Stuck with too many open files issue

Hello Elasticsearch community,

We're stuck while trying to recover our Elasticsearch instance.
Here's our situation :

  • We deployed some months ago an instance (1 node only) of elasticsearch in a Kubernetes cluster. (I know it's really undersized especially with our current usage), and we plan to add more nodes/resources
  • We're using it for indexing and searching several kind of logs (syslogs, jenkins jobs mainy), so the use case is time-series logs oriented.
  • The logs are collected by filebeat, forwarded to logstash then elasticsearch
  • The indexes are daily for each source of logs , and we have 5 shards per index =>so we have a lot of shards (~7000) => I already read that this is not good and that we need to merge indexes and probably switch to weekly or monthly indexes.
  • At a point in time, the storage was full (1Tb), the cluster went red, and we had to stop the k8s pod, resize the persistent volume to 2Tb
  • From that moment, Elastic can't get to yellow state , and what we see is that each time, it starts, begins assigning shards , opening more and more files until reaching the underlying ulimit of 1 million open files , Elasticsearch reports "too many open files errors" and stops, and same happens again when the pod restarts

Can you please help us find out how to make the cluster recover without hitting this limit, so that we can reorganize the indexes, ... ?
I'm trying to close indexes, but the cluster doesn't answer these requests ,
I also set "cluster.routing.allocation.enable": "none" to prevent shard assignment, but still the number of open files keeps growing, ....

We're really stuck and don't know how to recover ...
We're thinking of adding some nodes and start, I don't know if this would help or not ....

We're using version 6.6

Thanks in advance for your help.

You should close as many indices as you can as soon as you start Elasticsearch up, which will stop Elasticsearch from opening all these files at once.

Then you need to work out how to have vastly fewer shards.
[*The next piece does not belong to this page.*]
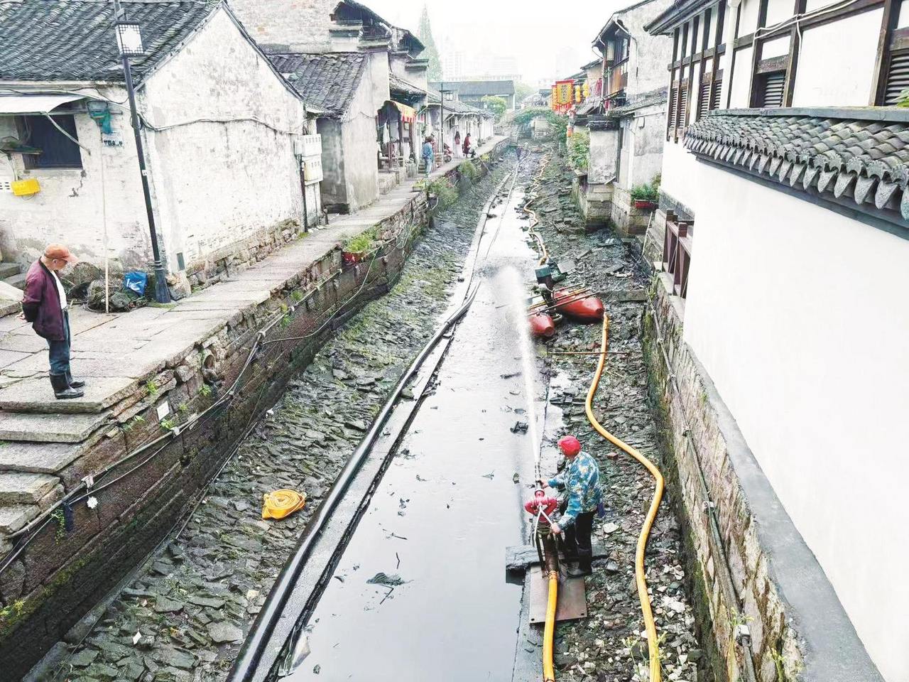 13日中午,记者来到书圣故里,在蕺坊桥边看到,施工人员正使用高压水枪冲洗河道里的淤泥,附近的居民也来帮忙平整河底的石板、石块,仍能不时看到小鱼跳跃的身影。“外河的水倒灌进来时,会带来一些小鱼小虾,昨天就有几位居民在河里抓鱼,场面还挺热闹。”周边住户沈先生笑着说。

Aim for fewer than 20 per GB of heap (so max 600 per node) but really with only 1TB of data you should be able to use a lot less than that. Possibly you need to reindex your data to achieve that.

Once you have a plan, you can start to open a few indices at a time, take a snapshot in case something goes wrong, process them into fewer shards, and then delete them. Repeat until your cluster is back to health again.

2 Likes

Hello David,

Thanks a lot, your proposition worked as a charm.
Even if there's a lot of work to do to merge the indices, this allows us to recover and get the stack running again.

Wish you a great day ahead.
Youssef.

1 Like

This topic was automatically closed 28 days after the last reply. New replies are no longer allowed.